Analyze music/audio files locally without external APIs. Extract tempo, pocket/groove feel, pulse stability, swing proxy, section/repetition structure, key c...

README (SKILL.md)

Music Analysis (Local, No External APIs)

Name: Music Analysis
Author: adam-researchh

Primary tool: a full listen that combines snapshot analysis, structure, groove, harmonic tension, temporal mood mapping, and optional Whisper lyric alignment into one report.

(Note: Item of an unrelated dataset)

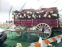A hitch of Clydesdales pulled the City of St. Louis' float, co-sponsored by Budweiser, in the Tournament of Roses Parade from 1954 to 2011.[19][20] In 2014 the Clydesdales returned to the Rose Parade, this time pulling their beer wagon. The President of the Tournament of Roses rode on the beer wagon instead of the usual classic car.[21]

1. Full Listen — primary / recommended

python3 skills/music-analysis/scripts/listen.py /path/to/audio.mp3
python3 skills/music-analysis/scripts/listen.py track.mp3 --json
python3 skills/music-analysis/scripts/listen.py track.mp3 --out report.txt
python3 skills/music-analysis/scripts/listen.py track.mp3 --json --out report.json

What it does in one pass:

Snapshot analysis: tempo, pulse stability, swing proxy, key clarity, harmonic tension, timbre, structure
Whisper lyric transcription and filtering first — keep only real lyric text, drop artifact tags like [MUSIC]
Temporal listen: windowed energy / mood / tension journey
Synthesis layer that aligns lyrics with peak / tension / quiet windows and lets the lyric layer override the final vibe when confidence is high

Human-readable output structure

SNAPSHOT
- groove/pocket
- structure summary + repeated sections
- harmony (key clarity + tension)
- timbre descriptor tags
INSTRUMENT READ
- likely instrument palette (strong/likely/possible confidence)
- per-section instrument entrances and exits
- how instruments color the emotional feel
- written as natural language, not clinical data
TEMPORAL JOURNEY
- opening / middle / closing mood-energy-tension read
- peak / quietest / tensest moments
- mood journey and transition count
EMOTIONAL READ
- explainable emotion summary based on measured features
LYRICS
- Whisper segment count
- excerpt or graceful skip note
SYNTHESIS
- lyric-energy/tension alignment
- peak / tension / quiet lyric moments
ALIGNED TIMELINE
- per-window moments where transitions / lyrics / tension spikes occur

2. Snapshot Analysis — standalone

python3 skills/music-analysis/scripts/analyze_music.py /path/to/audio.mp3
python3 skills/music-analysis/scripts/analyze_music.py track.mp3 --json

Reports:

tempo / pulse stability / pulse confidence / swing proxy / pocket
key estimate / key clarity / chroma entropy / harmonic change / tonal motion / tension
timbre descriptors (brightness, richness, low-end, contrast, dynamic range)
section labels (A/B/C...) and repeated material detection
explainable emotional read with reasons

3. Temporal Listen — standalone

python3 skills/music-analysis/scripts/temporal_listen.py /path/to/audio.mp3
python3 skills/music-analysis/scripts/temporal_listen.py track.mp3 --json

Reports:

sliding-window timeline (4s windows, 2s hops)
energy contour
mood labels
harmonic tension + tonal motion
transition types (drop hits, pulls back, tightens harmonically, shifts color, evolves)
narrative arc (mountain / ascending / descending / plateau / wave)

Interpretation rules

Structure labels are similarity labels, not verse/chorus claims.
Swing proxy is a feel estimate, not drummer-grade microtiming truth.
Emotion is explainable, derived from pulse + timbre + harmonic tension rather than a black-box mood guess.
Lyrics can override the final vibe when filtered Whisper text is confident and emotionally clear.

Audio sourcing

The tool needs a real audio file on disk.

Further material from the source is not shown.